» Requirement
Retype only what runs from the first line of the listing to the line holding "Ze zdjęcia znalezione", both included. Do not retype the pictures.

+ + + + + + +

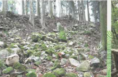
③三の丸下通路の石垣跡
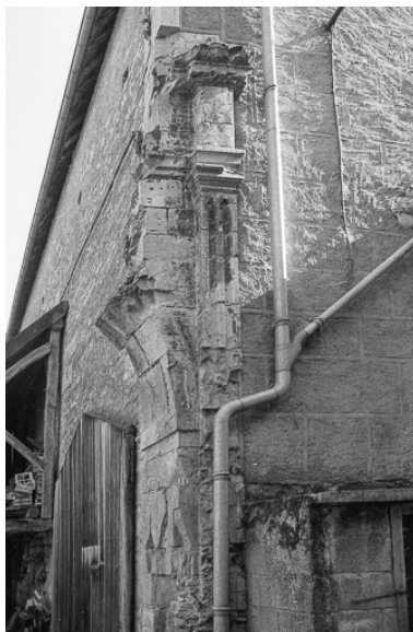
Cour : restes d'arcature. IVR43_19797000375Z
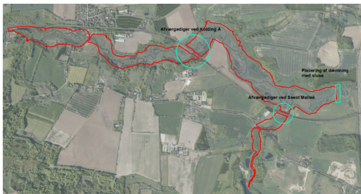
Figur 2. Rød polygon viser den ydre projektgrænse. Markeringerne med turkis viser placeringerne af de fysiske anlæg.

Nedenstående kort viser projektområdet i ådalen vest for motorvej E45. På kortet ses placeringen af dæmningen med sluse i ådalen samt afværgedigerne mod jernbanen. De øvrige arealer inden for projektgrænsen udgøres af midlertidigt oversvømmede arealer.
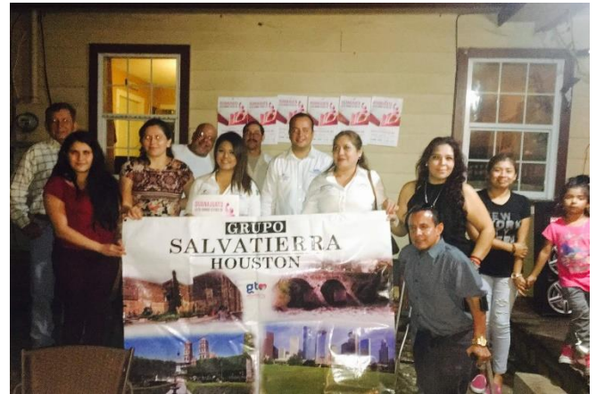
Plática de sensibilización sobre el tema de la credencialización desde el extranjero, Grupo Salvatierra Houston, Houston, 12 de noviembre de 2017.
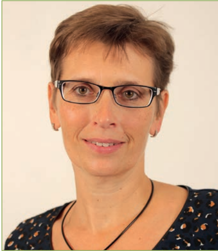
von Petra Dittmer

Nachhaltigkeit – das Modewort der Saison oder das dringend benötigte Umdenken in der ganzen Gesellschaft – auch in der beruflichen Bildung?
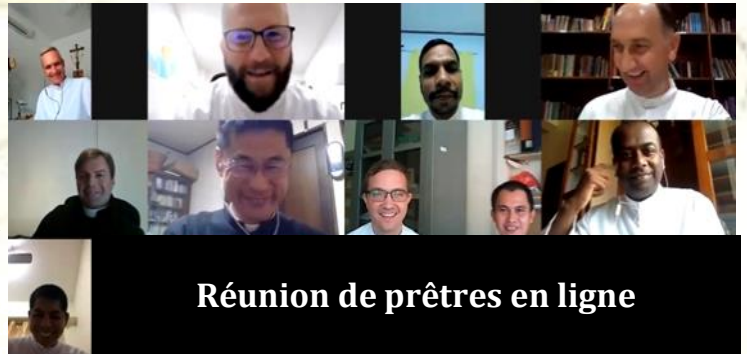
Réunion de prêtres en ligne

fois que nous nous retrouvions tous ensemble. Après beaucoup de retard, le nouveau prieuré de Tokyo a été ouvert (janvier 2021) et les confrères ont pu propager la foi dans ce pays majoritairement païen. Les confrères bloqués en France et aux Etats-Unis ont pu rejoindre leur nouvelle affectation (Singapour et Sri Lanka). Mais certains attendent encore car les frontières en
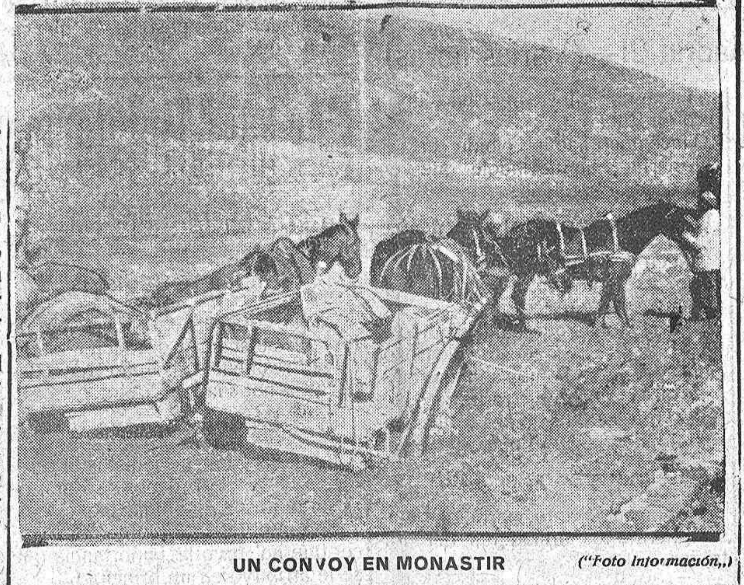
UN CONVOY EN MONASTIR
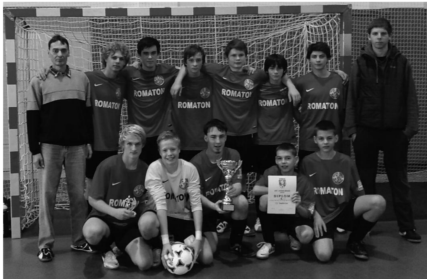
Na fotografii je družstvo dorostenců na zimním halovém turnaji, kde postoupili dorostenci do krajského finále
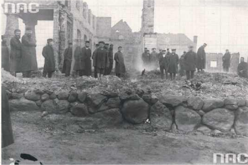
Ze zdjęcia znalezione w Narodowym Archiwum Cyfrowym, wykonanego tuż po pożarze w 1925 roku, możemy domniemywać, że rycka synagoga nie była zbyt wielka. Trudną, ale wartą przeanalizowania zagadką jest czy przy jej budowie uwzględniono też inne niż pionowe ustawienie bali wytyczne Księgi Wyjścia. Można by wtedy śmiało mówić o Rykach jako Małej Jerozolimie

Oryginalny kształt tej nowej jest dla nas mało czytelny: po tym, jak w czasie wojny została zdewastowana przez Niemców, nigdy nie odzyskała swojej funkcji religijnej. Została poważnie przebudowana, budynek powiększył gabaryty, żeby dostosować go do nowych, zupełnie świeckich potrzeb: znalazły
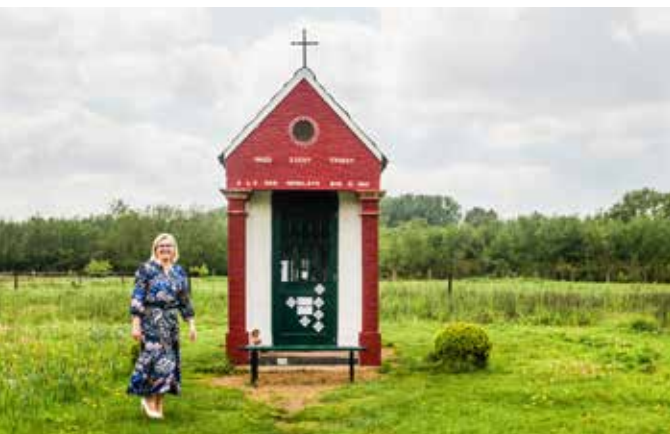
De Pinte is een rijke gemeente, maar kent ook verdoken armoede.

We hebben geen nieuw rusthuis nodig maar moeten investeren in alternatieve zorginitiatieven.

+ + + + + + +

» Written answer
③三の丸下通路の石垣跡
Cour : restes d'arcature. IVR43_19797000375Z
Figur 2. Rød polygon viser den ydre projektgrænse. Markeringerne med turkis viser placeringerne af de fysiske anlæg.

Nedenstående kort viser projektområdet i ådalen vest for motorvej E45. På kortet ses placeringen af dæmningen med sluse i ådalen samt afværgedigerne mod jernbanen. De øvrige arealer inden for projektgrænsen udgøres af midlertidigt oversvømmede arealer.
Plática de sensibilización sobre el tema de la credencialización desde el extranjero, Grupo Salvatierra Houston, Houston, 12 de noviembre de 2017.
von Petra Dittmer

Nachhaltigkeit – das Modewort der Saison oder das dringend benötigte Umdenken in der ganzen Gesellschaft – auch in der beruflichen Bildung?
Réunion de prêtres en ligne

fois que nous nous retrouvions tous ensemble. Après beaucoup de retard, le nouveau prieuré de Tokyo a été ouvert (janvier 2021) et les confrères ont pu propager la foi dans ce pays majoritairement païen. Les confrères bloqués en France et aux Etats-Unis ont pu rejoindre leur nouvelle affectation (Singapour et Sri Lanka). Mais certains attendent encore car les frontières en
UN CONVOY EN MONASTIR
Na fotografii je družstvo dorostenců na zimním halovém turnaji, kde postoupili dorostenci do krajského finále
Ze zdjęcia znalezione w Narodowym Archiwum Cyfrowym, wykonanego tuż po pożarze w 1925 roku, możemy domniemywać, że rycka synagoga nie była zbyt wielka. Trudną, ale wartą przeanalizowania zagadką jest czy przy jej budowie uwzględniono też inne niż pionowe ustawienie bali wytyczne Księgi Wyjścia. Można by wtedy śmiało mówić o Rykach jako Małej Jerozolimie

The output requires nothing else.